Отстояв нудную очередь в кассу своего местного универмага, оказавшись наконец лицом к лицу с прехорошенькой умаянной кассиршей возраста старшекласницы, в ответ на ее профессионально истеричную терпеливую реплику: «Что вам. Говорите! Что выбить, господи!», – я законченным истуканом топчусь у примолкшего кассового аппарата. Очередь за мною начинает оживать, нервничать, подсказывать. Мои подмышки в свою очередь превращаются в горячий цех по выработке обильной потовой влаги…
Я со всей зримой остротою осознаю, что, если через секунду-другую я не сумею вспомнить, за каким же хреном я отстоял эту сумасшедшую воинственную очередь, со мною приключится какаянибудь пошлая падучая хворь, которая наверняка значится в Уголовном кодексе…
– Барышня, понимаете…
– Он еще обзывается! Русским языком спрашиваю: что выбить?!
– Понимаете, я забыл, тут стоял…
– Гражданин! Вы мешаете работать. Господи, еще один псих на мою…
– Послушайте, барышня! Я не псих, – я разведенный!
– Эй, разведенный псих, шел бы ты… Тут за одной пачкой молока гробишься, – вмешивается в наш диалог какой-то малоинтеллигентный тип из середины очереди.
Тут не выдерживает моего издевательства какая-то ухоженного облика бабулька в льняном деревенском платочке шалашиком и с пустой пластиковой кошелкой на локте. Взявши по-родственному меня под руку, она с озабоченностью утвердительно говорит за меня, потеющего и почти теряющего разум:
– А что надо мужику?
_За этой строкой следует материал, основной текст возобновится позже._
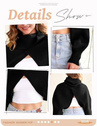• Fabric: This womens turtleneck bolero sweater is made of high quality fabric, comfortable to wear, soft and skin friendly, is a high quality top, you will like.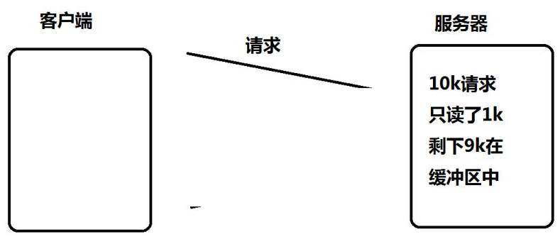 如果服务端写的代码是阻塞式的 read,并且一次只 read 1k 数据的话(read 不能保证一次就把所有的数据都读出来,参考 man 手册的说明,可能被信号打断),剩下的 9k 数据就会待在缓冲区中
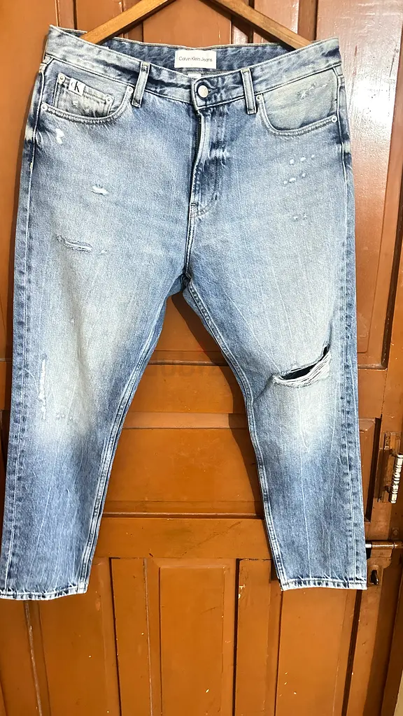 I’m selling a pair of light blue distressed Calvin Klein men’s jeans, size M. I bought them recently and they’ve only been worn once. They have intentional distressing with small abrasions and a larger ripped area on one knee, consistent with the style. Color is a faded light blue, regular fit through the legs with a standard rise. Condition is excellent apart from the designed distressed details. No stains, smells, or structural damage to seams or zipper.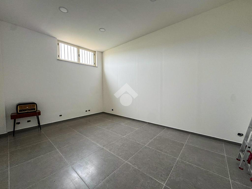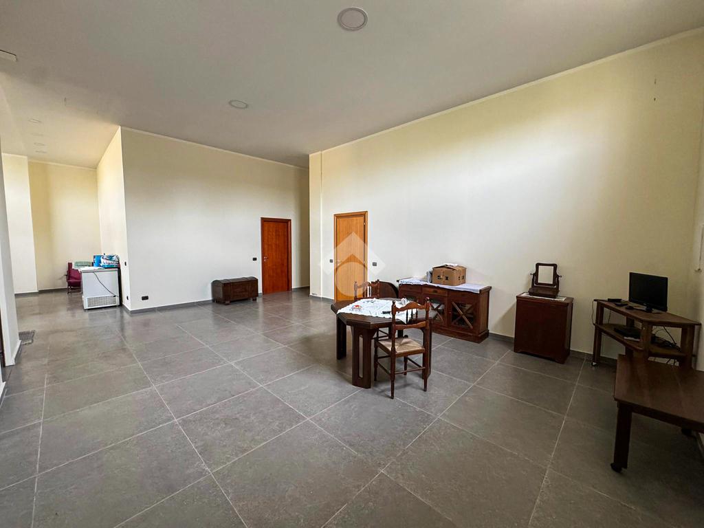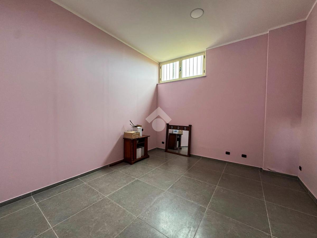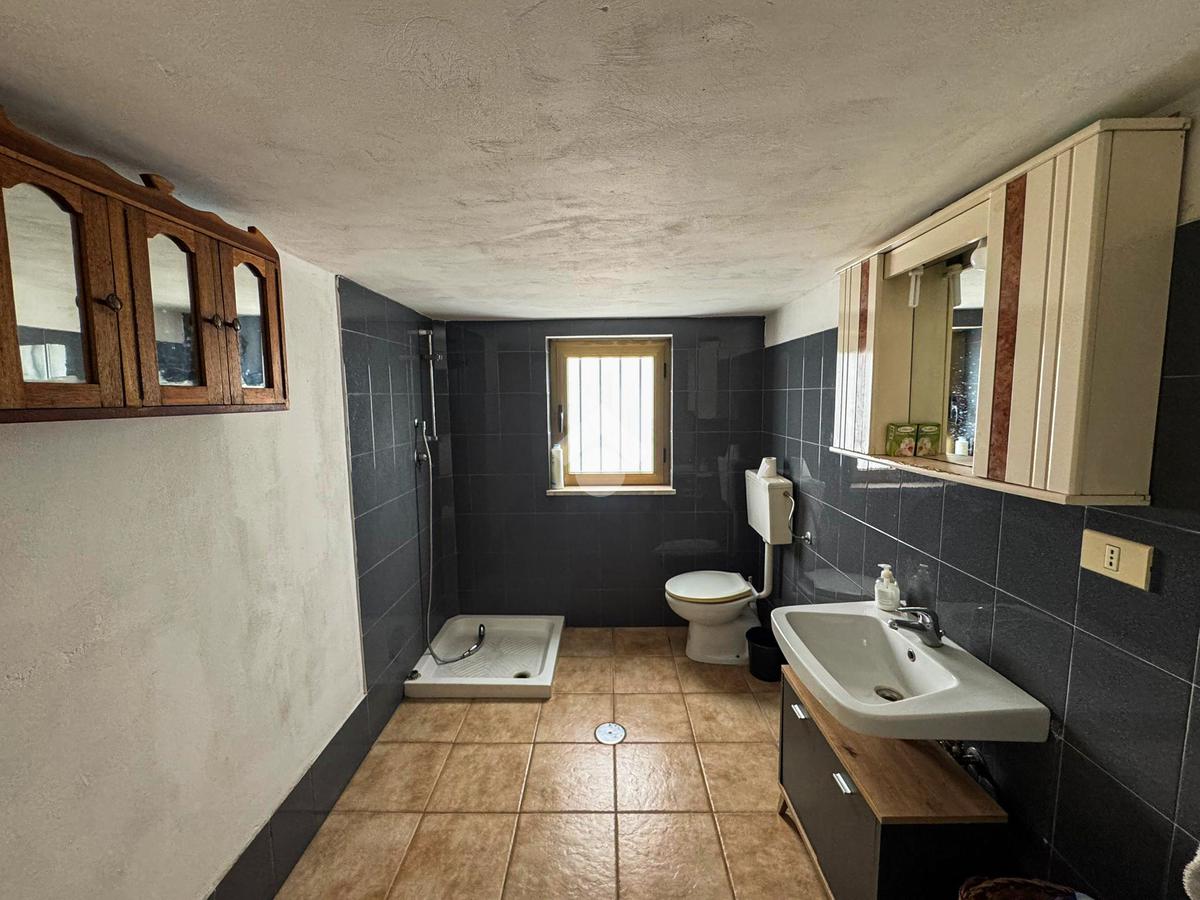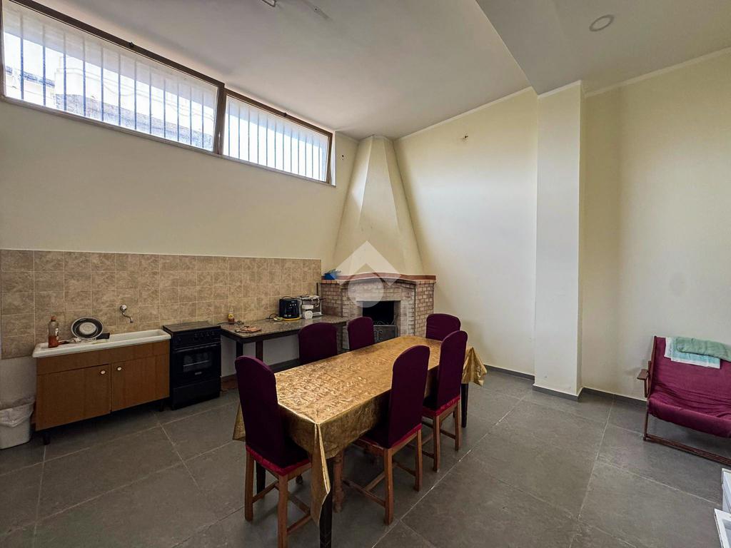Al piano terra, un ampio magazzino di 350 mq, classificato come laboratorio (Catasto C3), offre impianti idrico ed elettrico di recente installazione, oltre a un bagno funzionale.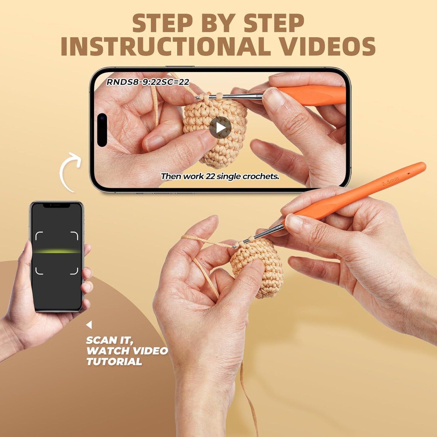 Crochet Kit for Beginners, Learn to Crochet, Include Easy Knitting Soft Yarn, Step-by-Step Video Tutorial, Hook, Holiday Birthday Gift

Ясное дело: хлебца буханочку, маслеца пачечку, колбаски граммов триста любительской, – я узнавала: свеженькая. Молочка пакет, – верно, сынок? Выбивай, дочка, выбивай. И денюжки вон в кошельке… Вот, видишь, дочка. А ты – псих. У психов деньги не водятся.
Расплатившись, я бреду от кассы к продуктовым отделам, в которых через некоторое время отовариваюсь: хлебом, маслом, молоком, колбасой и почему-то кульком сахара, который прошел мимо моего слуха и сознания, когда вместо меня выступала сердобольная московская бабулька с веселым деревенским шалашиком на голове, заказывая продукты первой необходимости разведенному разнесчастному мужику…
Вечером, как обычно, разжевав пару таблеток родедорма, машинально же запиваю рюмкой водки и в некотором лунатическом состоянии забираюсь в постель, которую не прибирал, наверное, уже с месяц, не говоря уже о смене белья постельного. И вместо порядочного здорового сна, в привычной манере предаюсь каким-то мечтательным видениям, наползающим и сминающим друг друга в бредовой последовательности.
Однако эта ночь одарила мое бессонное воображение одной замечательной красочной картинкой, повторившейся и на следующую и несколько последующих сновиденческих мучительных ночей.
В этой примечательной картинке я морально уничтожал молоденькую прехорошенькую блондинку-кассиршу.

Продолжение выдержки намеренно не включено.